■引退したのに成長中!? 一歩の復帰展開に期待大!
最近の『はじめの一歩』は読んでいなくても「一歩が引退したことは知っている」という人は多いのではないだろうか。実際、一歩が引退してトレーナーになった展開にガッカリして、読むのもやめた人もいるようだ。
しかし、今の『はじめの一歩』で一番目が離せないのが、実は引退した一歩だったりもする。
一歩は現役を退いてからもトレーニングを続けており、体力に衰えはない。さらにリングの外からボクシングを見たことで、カウンターやサウスポーへのスイッチといった新しい技術をも会得している。引退してからもなお、一歩は急速に進化を遂げているのだ。

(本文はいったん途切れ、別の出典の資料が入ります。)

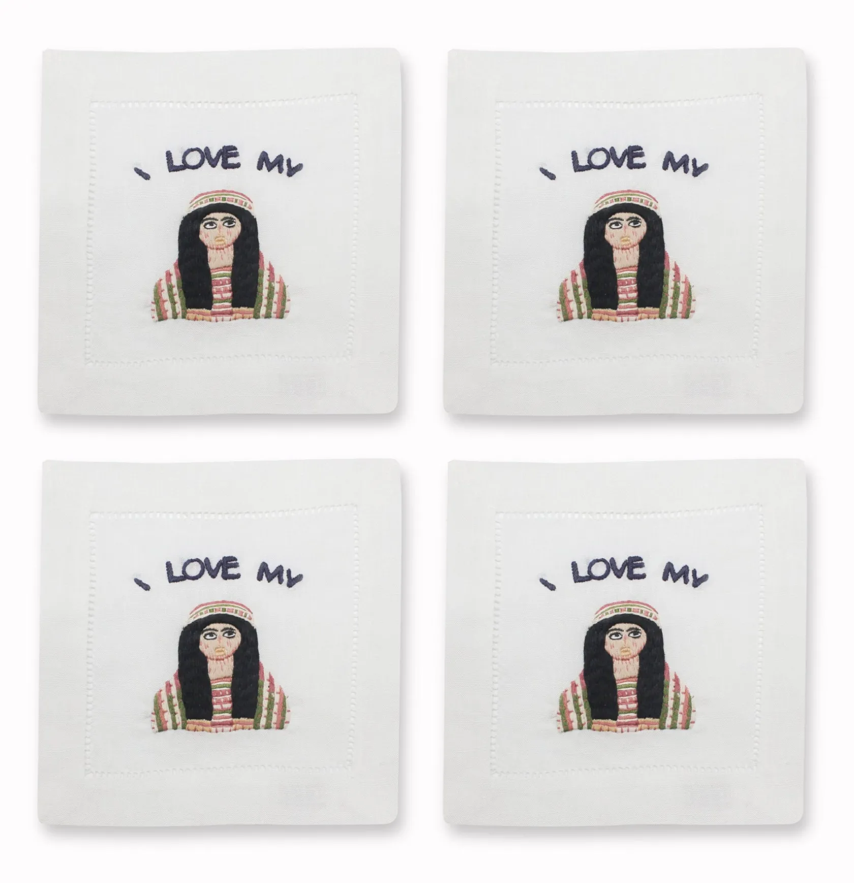 Embroidered on hemstitch linen napkin.

その進化は上記で挙げたライバルとのスパーリングで証明されている。ヴォルグとのスパーリングでは無自覚に彼のアバラを損傷させ、間柴とは世界チャンピオンと同質のサウスポースタイルで互角に戦った。ボクサーを引退した一歩が、世界レベルの猛者と互角に渡り合っているのだ。
今の『はじめの一歩』を読む人の多くはこう考えている。「もし今の一歩がボクサーに復帰したらどうなるだろう。いや、復帰してくれ!」と。筆者もそのひとりだ。
だが、一歩は大事な母親を思って引退しており、その意思は固い。はたして一歩がリングに戻る日はくるのかだろうか?
連載期間が長い『はじめの一歩』に思い入れの強い読者は多い。「あのころのほうが面白かった」といった意見が見られるのも、仕方のないところはあるだろう。
しかし今回見てきたように『はじめの一歩』は、まだまだ面白いのだ。ライバルたちの世界戦はそのキャラの総決算を思わせるし、一歩が強くなるたびに復帰に思いを馳せたくなる。
いつか完結したとき、現在の読者が「あのころも面白かったよね」と、語り合っているかもしれない……そう思わせるほどの熱さが、“今”の『はじめの一歩』にはあるのだ。